# About this task:
For the records below, output word for word the lines from the one with "THE JOURNAL OF" up to and including the one with "国家发展改革委会同交通运输部". No pictures.

# Records shown:
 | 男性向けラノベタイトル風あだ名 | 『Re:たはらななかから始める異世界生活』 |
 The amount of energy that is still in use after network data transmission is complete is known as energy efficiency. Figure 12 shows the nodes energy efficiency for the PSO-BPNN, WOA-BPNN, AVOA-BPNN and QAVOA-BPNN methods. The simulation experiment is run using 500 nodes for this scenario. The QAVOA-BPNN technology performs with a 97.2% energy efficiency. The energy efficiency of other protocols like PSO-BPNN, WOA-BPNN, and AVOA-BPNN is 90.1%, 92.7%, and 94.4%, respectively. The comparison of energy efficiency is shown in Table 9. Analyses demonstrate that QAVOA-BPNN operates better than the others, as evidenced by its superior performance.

==

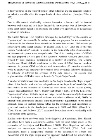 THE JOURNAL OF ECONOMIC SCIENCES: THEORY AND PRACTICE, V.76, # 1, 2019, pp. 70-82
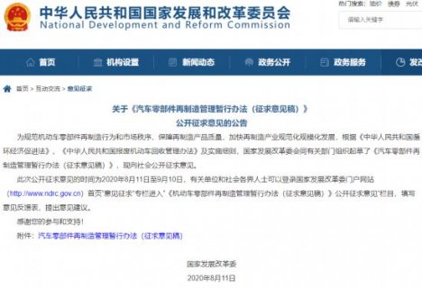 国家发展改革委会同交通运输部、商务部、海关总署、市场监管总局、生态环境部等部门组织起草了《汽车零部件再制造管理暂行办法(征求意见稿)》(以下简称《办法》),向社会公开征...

# Exercise answer:
 THE JOURNAL OF ECONOMIC SCIENCES: THEORY AND PRACTICE, V.76, # 1, 2019, pp. 70-82
 国家发展改革委会同交通运输部、商务部、海关总署、市场监管总局、生态环境部等部门组织起草了《汽车零部件再制造管理暂行办法(征求意见稿)》(以下简称《办法》),向社会公开征...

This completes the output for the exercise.